NE-Fossa-dc1-PO-23Observer photo/Mike Lange

    FOSSA’S assistant manager Deb Learned of Exeter works on some shelving for the store.

    “The Charleston Correctional Center inmates moved the stove and sink down from the third floor of the town office, and did a lot of interior work for us. I can’t thank them enough,” Craig noted. Reny’s Department Store also gave Fossa’s a set of display shelves.
    In turn, Fossa’s has used primarily local businesses for construction and other materials. J. Wilbur Construction of Dexter has been the major contractor, the ash and cedar for the floor and walls came from Yoder Sawmill of Corinna and many supplies have been purchased from Tillson’s True Value and Dexter Lumber, Craig noted.
     The store will also host classes for all ages on a subjects ranging from agricultural tips and cooking to QuickBooks™. “These will be consumer-driven. If someone makes a suggestion for a subject, we’ll find someone to conduct the classes,” Craig said.
    In the meantime, Fossa’s needs farmers to sell their wares in the store and vendors can call 924-DEXT (3398) or visit the Fossa’s General Store Facebook page for information.
    Much of the funding came through two Community Development Block Grants of $230,000 and $140,000, a USDA grant of $40,000 for the kitchen and two grants requiring a local match: $50,000 and $20,000 from the Dexter Regional Development Corporation.
    Craig noted that as the store’s opening drew closer, it was time to find a lending institution to extend a line of credit. ‘Three hurdles came up immediately. We were a start-up business, non-profit and agricultural,” Craig said. “Fortunately, Carla Booth from Coastal Enterprises Inc. (CEI) really came through for us.”

Observer photo/Mike Lange

    WAYNE SCHAEFER of Milo touches up the burners for Fossa’s kitchen stove. Schaefer will be the cook when the store opens in mid-June.
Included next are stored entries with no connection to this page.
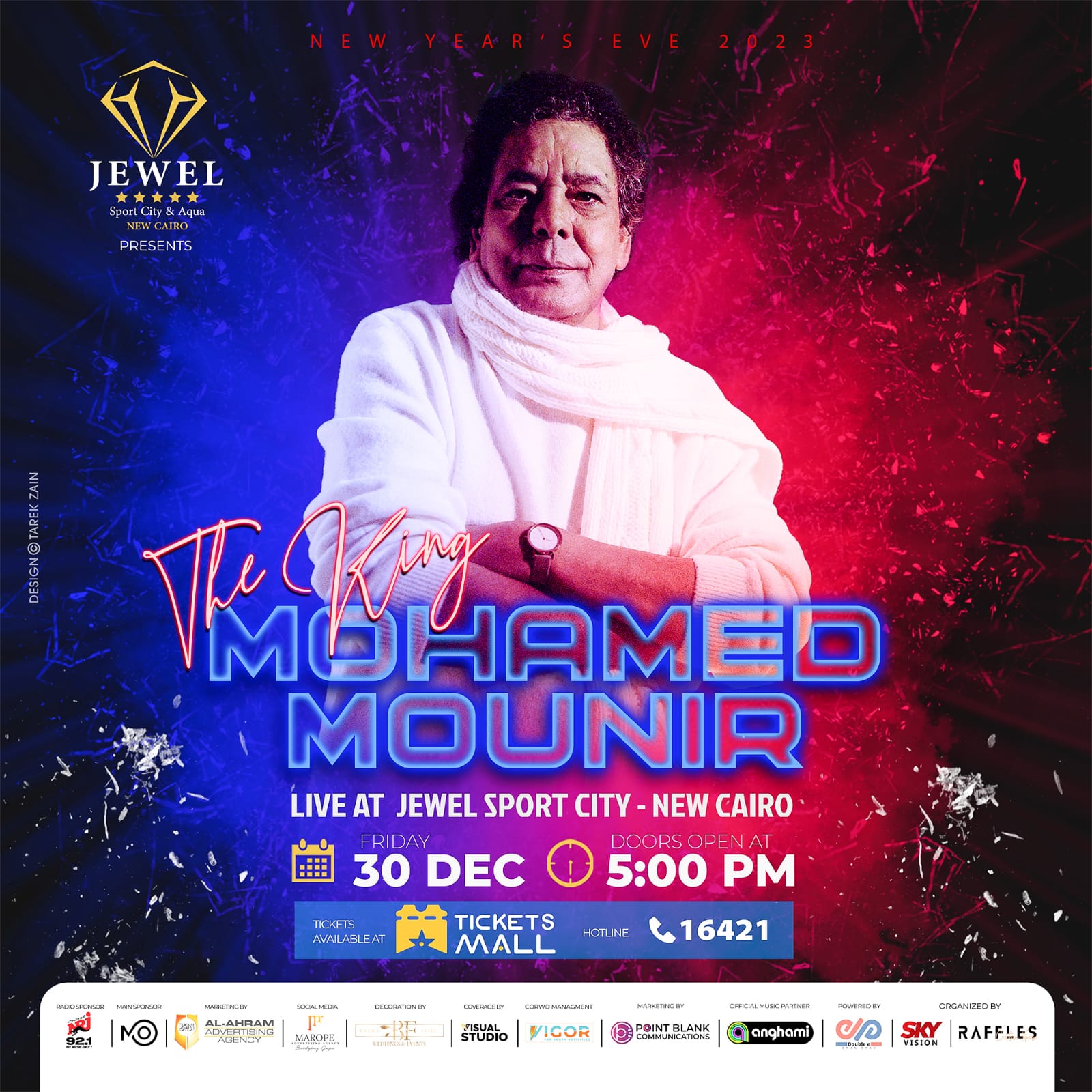 وكشفت الجهة المنظمة لحفل الكينج محمد منير في رأس السنة 2023 عن البوستر الدعائي الأول لـ حفل الكينج، والذي من المقرر إقامته داخل مول سبورت سيتي بالقاهرة الجديدة.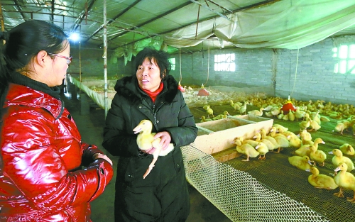 村里的奶牛場(chǎng)和養(yǎng)鴨場(chǎng)是吳樹蘭最掛心的地方,她每天都要去看看那里的生產(chǎn)情況,也經(jīng)常動(dòng)手幫忙。記者 郭 宇 攝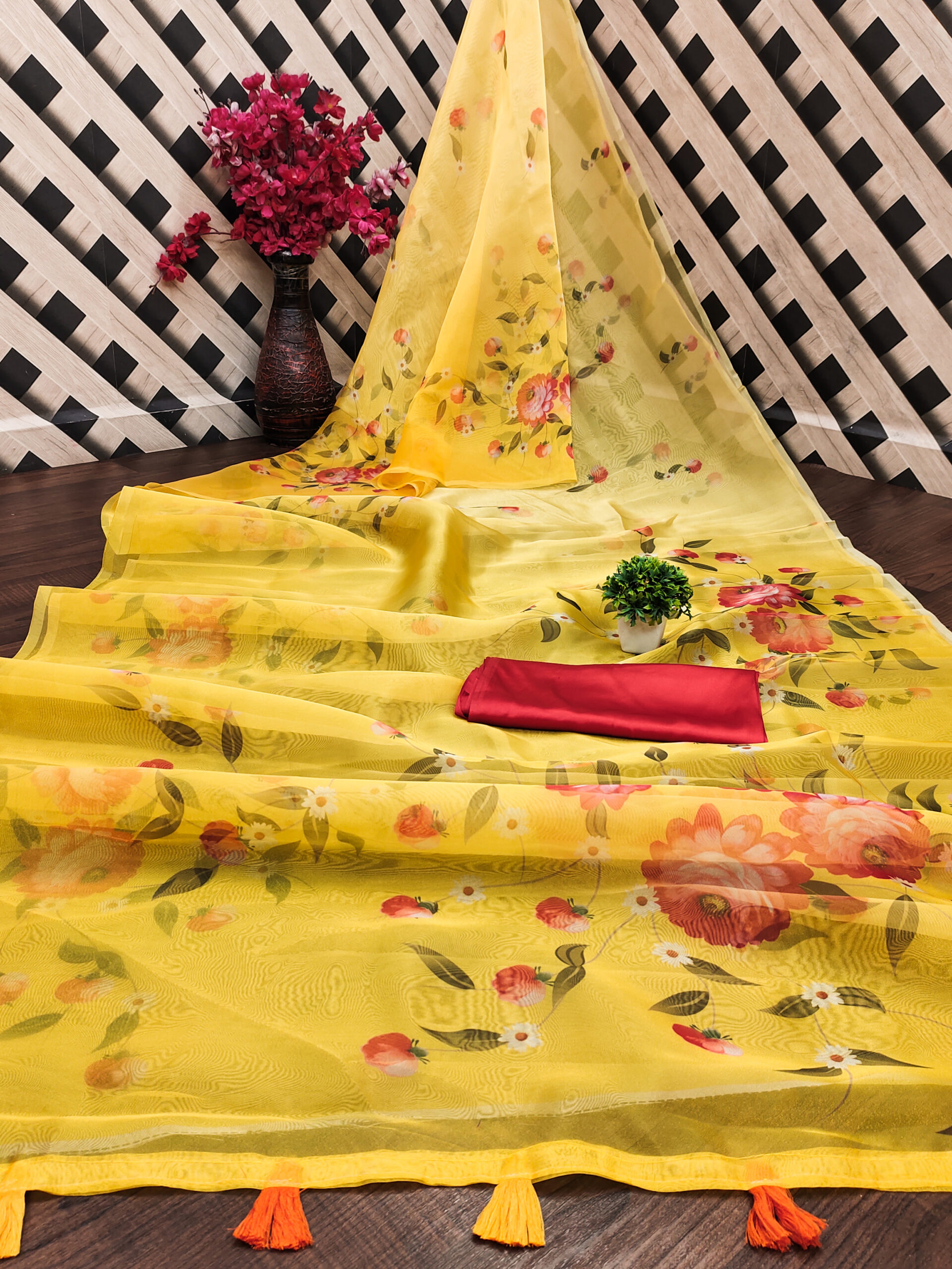 This elegant soft organza saree showcases a vibrant yellow base that radiates warmth and joy. The saree is beautifully adorned with a digital floral print featuring delicate peach, red, and white flowers with green leaves, adding a refreshing natural vibe. The airy and sheer fabric enhances its grace, making it perfect for daytime events or festive occasions. It comes with a contrasting deep red blouse piece, complementing the floral accents, while the tassel detailing in orange and yellow along the pallu adds a playful, stylish finish.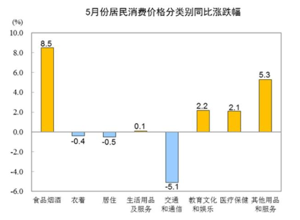 5月份,食品煙酒類價格同比上漲8.5%,影響CPI(居民消費價格指數)上漲約2.55個百分點。食品中,畜肉類價格上漲57.4%,影響CPI上漲約2.55個百分點,其中豬肉價格上漲81.7%,影響CPI上漲約1.98個百分點;水產品價格上漲3.7%,影響CPI上漲約0.07個百分點;糧食價格上漲1.5%,影響CPI上漲約0.03個百分點;鮮果價格下降19.3%,影響CPI下降約0.43個百分點;蛋類價格下降12.3%,影響CPI下降約0.08個百分點;鮮菜價格下降8.5%,影響CPI下降約0.22個百分點。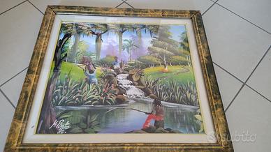 Vendo quadro originale dipinto a mano, firmato K. Pinto e datato 1996. L’opera raffigura una scena tropicale ricca di vita e colori, tipica dell’arte naïf dei Caraibi, probabilmente di origine dominicana.
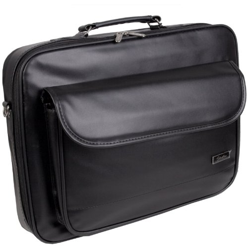 Stylish and professional, the classic black look gives your laptop and accessories a businesslike appearance while this high quality soft case keeps them safe. The fully open padded computer compartment has a Velcro securing strap and detachable divider to surround and protect your precious notebook. Extra interior padding helps absorb shocks and vibration. 2 mesh pockets on upper panel safely hold your accessories, 1 large panel pouch for documents, 3 built in pen or pencil holders, and a small slot for an ID or business cards. The front of this sleek shoulder bag has an attached organizer with a fold over cover. Back panel has a zippered document pocket capable of holding folders or magazines. Dual self-repairing coil zippers make opening and closing easy. Carrying this mesenger bag with you is simple with your choice of methods; the built in heavy duty handle, the included adjustable and detachable ergonomic padded shoulder strap. A reinforced trolley strap on the back pocket makes it easy to securely slip this briefcase on to your other carry on luggage. Fits most computer laptops with up to a 17 inch screen.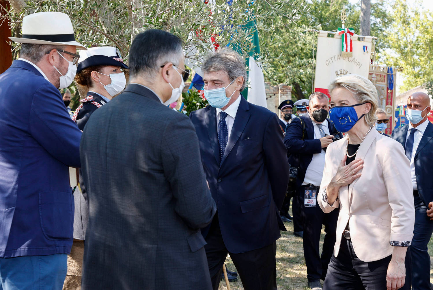 Лидерката на Еврокомисията Урсула фон дер Лайен и председателят на Европарламента Дейвид Сасоли (до нея) по време на обществено събитие в Италия. Двамата са сред най-разпознаваемите антируски хардлайнери в ЕС

    Booth is a loan and investment officer for CEI and said that Fossa’s is the type of enterprise the corporation traditionally supports. “Our mission is to create new jobs and solidify new businesses,” Booth said. “We worked in conjunction with Machias Savings Bank to provide working capital for Fossa’s, and we funded some leftover renovations that hadn’t been completed. I think they have a great staff and dedicated volunteers who have really committed themselves.”
    Fossa’s General Store was bought by Mario Fossa in 1951, and then owned and managed by his son, James, and grandson Jimmy until the 1970s. The corner building was unoccupied for many years except for brief periods of time as a print shop and discount store. Craig said that the new Fossa’s will be an anchor for downtown Dexter, which has had its share of empty storefronts in recent years.
    “People stop by almost every day and reminisce about the old Fossa’s, and how glad they are to see the building preserved,” Craig said.
 Like all the full-time and part-time employees, assistant store manager Deb Learned of Exeter started as a volunteer.
    “This is a huge asset for the community,” Learned said. “The other volunteers have been tremendous to work with. We’re all looking forward to the grand opening.”